第六話:集中力

 吉野さんの「一緒に勉強しよう」というメッセージが来て以来、自分の感情コントロールに頭を悩ませながら指定されたファミレスに向かった。


 結論から言おう、杞憂だった。


 待ち合わせの時は確かに緊張したのだ。


 その後ファミレスに入り、勉強を始めるまでは。


 吉野さんがお昼にも関わらず「おはよー!」と大声で言ってしまい、少し恥ずかしそうにしている所なんかは、全身を何かが駆け巡るのを感じるほど可愛らしかった。


 しかし、勉強が始まってからというもの吉野さんの集中力は凄まじく、他のことを考える隙を与えてくれないのだ。


 日頃から勉強を毛嫌いしているだけあって、かなり基礎の部分から始める必要はあったものの一気に進んで、既にテスト範囲の問題集に取り組めるレベルになっていた。


 別に要領がいいというわけではない。偉そうなことを言えば精々平均かそのくらいだろう。


 ただ、集中力が恐ろしく高いのだ。


 勉強を始めて4時間たつが、吉野さんは俺に質問をする以外で一度も顔を上げていない。


 頼んだドリンクバーにも、最初に口をつけて以来、1度も触れていない。


「まさとくん」


「ん?」


「ここの解説ってつまりはさ……」


 きた。とりあえず問題を理解するだけでなく、本質を見抜き完全に自分のものにしようとしている。


 そしてそのための道具として俺を使っている。


「そうだね。もっというなら……」


「なるほど。じゃあ……」


 一通り質問を終えると、もう次の瞬間には別の問題に取り掛かっている。


 今まで何人かに勉強を教えることはあったが、ここまでこちらの情報を引き出される感覚は初めてだ。

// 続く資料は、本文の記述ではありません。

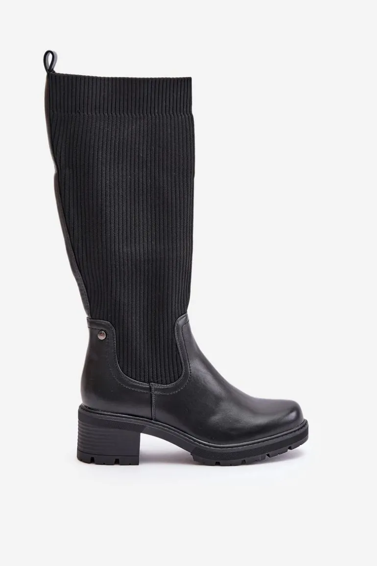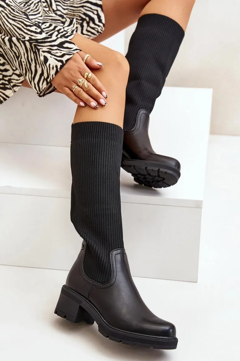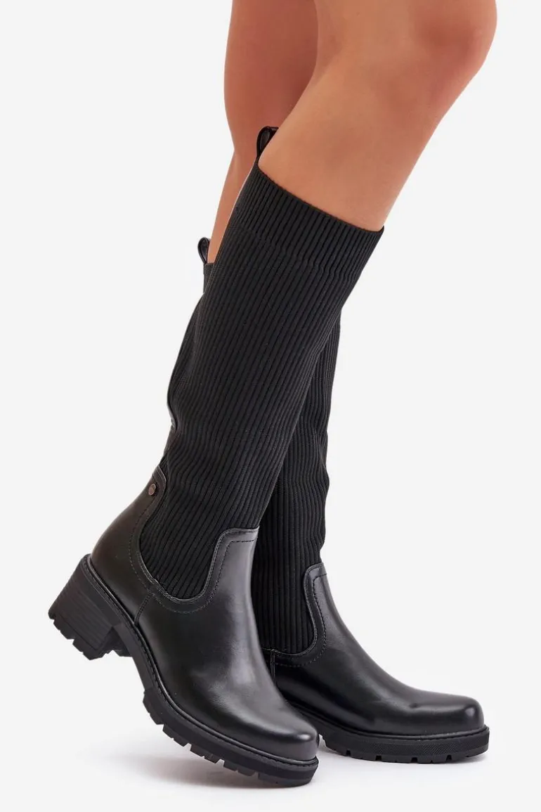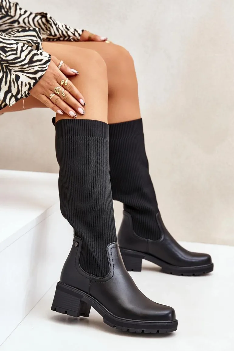 Kozaki damskie z elastyczną cholewką przed kolano. Wykonane z połączenia eko skóry i materiału tekstylnego. Osadzone na obcasie typu klocek. Model wsuwany. Wykorzystasz je w wielu stylizacjach! Koniecznie muszą być Twoje! Przy wyborze rozmiaru prosimy sugerować się tabelą rozmiarów.
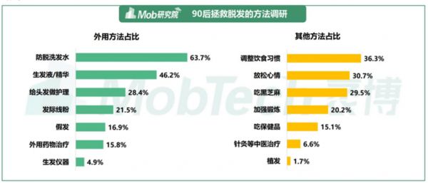 除医疗手段外,“人间蒲公英”们拯救发际线的主要手段还包括防脱洗发水、生发液、假发、食疗等等。
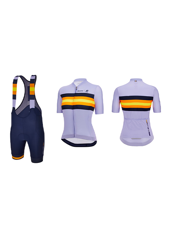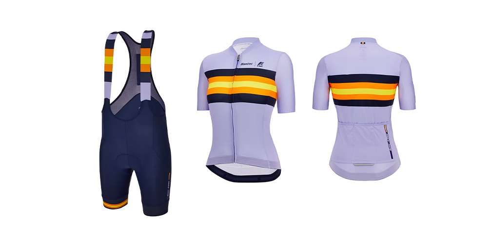 Per il completo donna firmato Santini K-Way la scelta cromatica è caduta sul lilla, uno dei colori trend della stagione primavera/estate 2023. La maglia è realizzata in tessuti eco-friendly, cioè 100% con filati riciclati che provengono da PET e filati di scarto. Il fit scelto dai designer è sleek, per una vestibilità molto aderente. Le maniche e il collo sono tagliati al vivo, e la zip centrale è coperta. Il prezzo è di 129,90 euro.
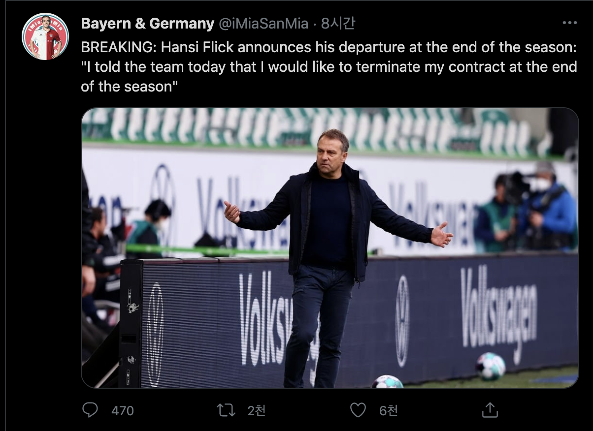 [바이에른 뮌헨의 한지 플릭은 올시즌을 끝으로 팀 떠남]
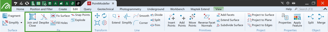 The Fix group tools on the Edit tab enable you to make various repairs to surfaces, scans or selections.
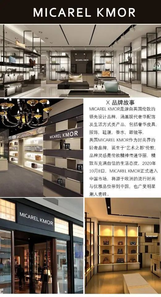 MICARELKMOR是源自英国伦敦的领先设计品牌,涵盖现代奢华皮具,服饰,鞋履,香水,眼镜等。英国MICARELKMOR作为时尚界的轻奢品牌,诞生于"艺术之都“伦敦,品牌灵感椒伦敦精神传递华丽,精致而充满自信胡生活态度,2020年10月8日,MICARELKMOR正式进入中国市场,将源于欧洲胡流行时尚与优雅品位带到中国,也广受明星潮人青睐。

 この主体性と集中力はテニスをしながら身に付けたのだろうか。


 主体性はより強くなるために、集中力は試合でベストな結果を残すために、どちらも必要なもの……だと思う。


 しかし、そろそろ18時になる。


 ぼちぼち解散にするか、続けるにしても一度家に連絡を入れた方がいい時間だ。


 向かいの席に座って目線と手のみを動かしている、受験生さながらの女の子を邪魔してしまうのを申し訳なく感じながら声をかける。


「吉野さん、そろそろ帰った方がいい時間だと思うんだけど」


「…………」


 聞こえて、ないのか・・・?


 声をかけられても気がつかないとは、吉野さんの集中力には改めて感心する。


「おーい、吉野さん?」


「わっ!?」


 肩を震わせ、まさしく跳び上がるようにして顔を上げた。


 吉野さんの声に、俺の方がびっくりした。


 吉野さんは目を見開き、呼吸も少し荒い。


 確かめる術はないが、心臓もさぞバクバクしていることだろう。


「ごめん、そこまで驚くとは思わなかったんだ」


「あ! ううん! で、ごめんなんだっけ?」


 まだ体の緊張が治っていないのだろう。少し早口になりながらようやくまともな言葉を発してくれる。


「もう18時だからさ、この後どうするか聞いとこうと思って。」


「え? もうそんな時間……ほんとだ」


 吉野さんは席について以来一度もカバンから取り出していなかったスマートフォンを取り出して、時刻を確認している。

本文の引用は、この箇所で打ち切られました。